▶ [Prompt]: Take the lines of the data below from the very first through the line containing "篠澤 亜子へさんの外格は21画の5点!" and output them exactly, pictures excluded.

▶ [Information supplied]:
· · ·
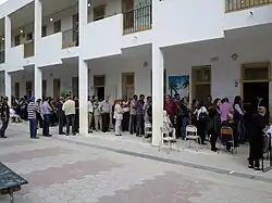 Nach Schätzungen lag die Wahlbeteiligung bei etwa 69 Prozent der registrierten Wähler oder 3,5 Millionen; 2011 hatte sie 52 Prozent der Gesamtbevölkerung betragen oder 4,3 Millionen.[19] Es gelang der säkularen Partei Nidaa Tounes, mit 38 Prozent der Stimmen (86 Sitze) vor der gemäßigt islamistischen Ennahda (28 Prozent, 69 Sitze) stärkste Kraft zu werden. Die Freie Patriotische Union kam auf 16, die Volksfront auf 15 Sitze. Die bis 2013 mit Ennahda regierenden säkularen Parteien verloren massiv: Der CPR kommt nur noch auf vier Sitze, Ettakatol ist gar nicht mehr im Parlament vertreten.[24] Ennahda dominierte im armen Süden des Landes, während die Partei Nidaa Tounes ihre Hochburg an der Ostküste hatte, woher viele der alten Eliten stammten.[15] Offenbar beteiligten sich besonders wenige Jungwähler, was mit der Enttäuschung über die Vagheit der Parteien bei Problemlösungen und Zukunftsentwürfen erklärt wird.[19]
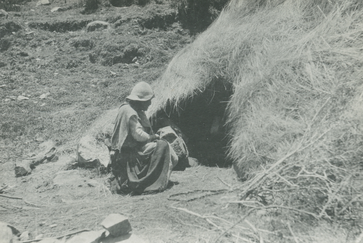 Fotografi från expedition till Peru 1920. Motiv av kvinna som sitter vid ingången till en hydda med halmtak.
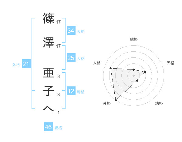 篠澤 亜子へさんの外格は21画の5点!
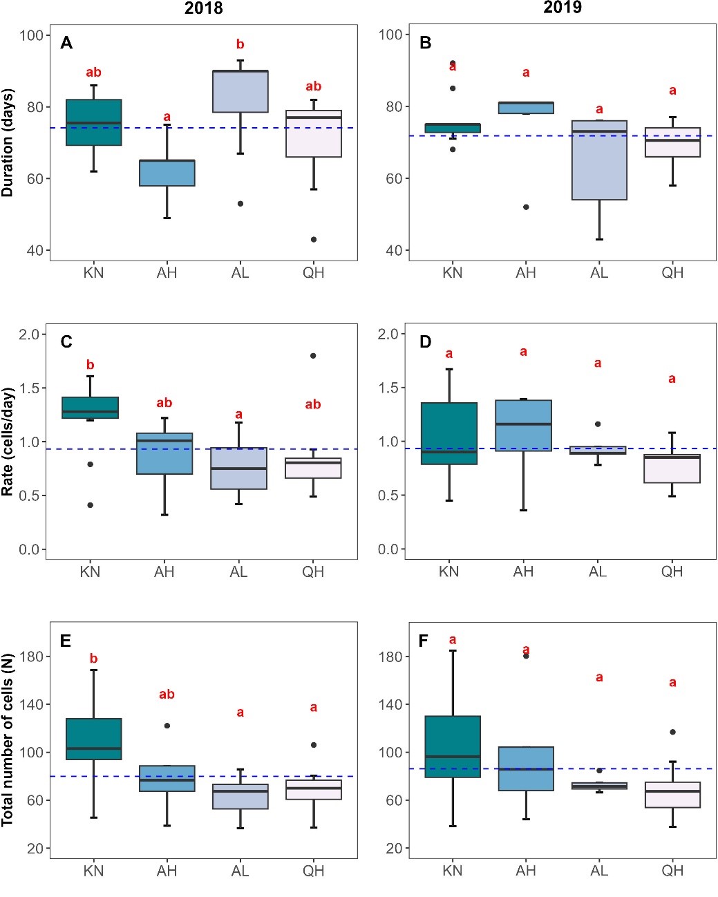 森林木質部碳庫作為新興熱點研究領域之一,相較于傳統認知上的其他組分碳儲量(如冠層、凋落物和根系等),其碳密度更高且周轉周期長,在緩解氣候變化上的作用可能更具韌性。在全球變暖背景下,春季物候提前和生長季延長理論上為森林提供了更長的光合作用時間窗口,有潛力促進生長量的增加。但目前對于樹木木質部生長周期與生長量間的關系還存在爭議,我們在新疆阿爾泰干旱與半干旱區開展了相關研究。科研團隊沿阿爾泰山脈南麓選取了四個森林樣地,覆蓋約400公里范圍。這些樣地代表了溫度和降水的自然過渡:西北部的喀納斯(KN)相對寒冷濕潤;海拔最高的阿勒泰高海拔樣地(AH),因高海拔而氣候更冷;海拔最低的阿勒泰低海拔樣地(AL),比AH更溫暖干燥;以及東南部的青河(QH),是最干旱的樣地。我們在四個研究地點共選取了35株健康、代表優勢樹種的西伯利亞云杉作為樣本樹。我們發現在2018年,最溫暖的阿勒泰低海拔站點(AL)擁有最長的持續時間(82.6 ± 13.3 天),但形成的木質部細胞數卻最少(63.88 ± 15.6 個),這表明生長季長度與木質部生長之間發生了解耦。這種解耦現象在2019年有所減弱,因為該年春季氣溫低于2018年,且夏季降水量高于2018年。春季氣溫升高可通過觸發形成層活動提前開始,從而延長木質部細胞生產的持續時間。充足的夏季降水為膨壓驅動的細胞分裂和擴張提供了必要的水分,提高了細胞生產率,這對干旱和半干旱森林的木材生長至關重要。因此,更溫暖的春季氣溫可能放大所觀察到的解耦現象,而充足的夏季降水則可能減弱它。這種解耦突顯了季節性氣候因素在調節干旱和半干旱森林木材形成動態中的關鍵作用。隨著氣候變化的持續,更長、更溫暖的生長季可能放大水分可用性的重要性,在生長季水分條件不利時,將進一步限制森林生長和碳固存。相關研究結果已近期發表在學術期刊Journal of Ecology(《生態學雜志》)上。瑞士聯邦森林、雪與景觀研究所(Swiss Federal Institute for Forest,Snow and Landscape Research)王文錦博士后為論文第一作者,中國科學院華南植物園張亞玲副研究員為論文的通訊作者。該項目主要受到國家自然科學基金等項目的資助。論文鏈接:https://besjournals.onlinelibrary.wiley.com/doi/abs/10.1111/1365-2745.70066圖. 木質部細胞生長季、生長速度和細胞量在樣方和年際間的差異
· · ·
▶ [Solved exercise]:
 Nach Schätzungen lag die Wahlbeteiligung bei etwa 69 Prozent der registrierten Wähler oder 3,5 Millionen; 2011 hatte sie 52 Prozent der Gesamtbevölkerung betragen oder 4,3 Millionen.[19] Es gelang der säkularen Partei Nidaa Tounes, mit 38 Prozent der Stimmen (86 Sitze) vor der gemäßigt islamistischen Ennahda (28 Prozent, 69 Sitze) stärkste Kraft zu werden. Die Freie Patriotische Union kam auf 16, die Volksfront auf 15 Sitze. Die bis 2013 mit Ennahda regierenden säkularen Parteien verloren massiv: Der CPR kommt nur noch auf vier Sitze, Ettakatol ist gar nicht mehr im Parlament vertreten.[24] Ennahda dominierte im armen Süden des Landes, während die Partei Nidaa Tounes ihre Hochburg an der Ostküste hatte, woher viele der alten Eliten stammten.[15] Offenbar beteiligten sich besonders wenige Jungwähler, was mit der Enttäuschung über die Vagheit der Parteien bei Problemlösungen und Zukunftsentwürfen erklärt wird.[19]
 Fotografi från expedition till Peru 1920. Motiv av kvinna som sitter vid ingången till en hydda med halmtak.
 篠澤 亜子へさんの外格は21画の5点!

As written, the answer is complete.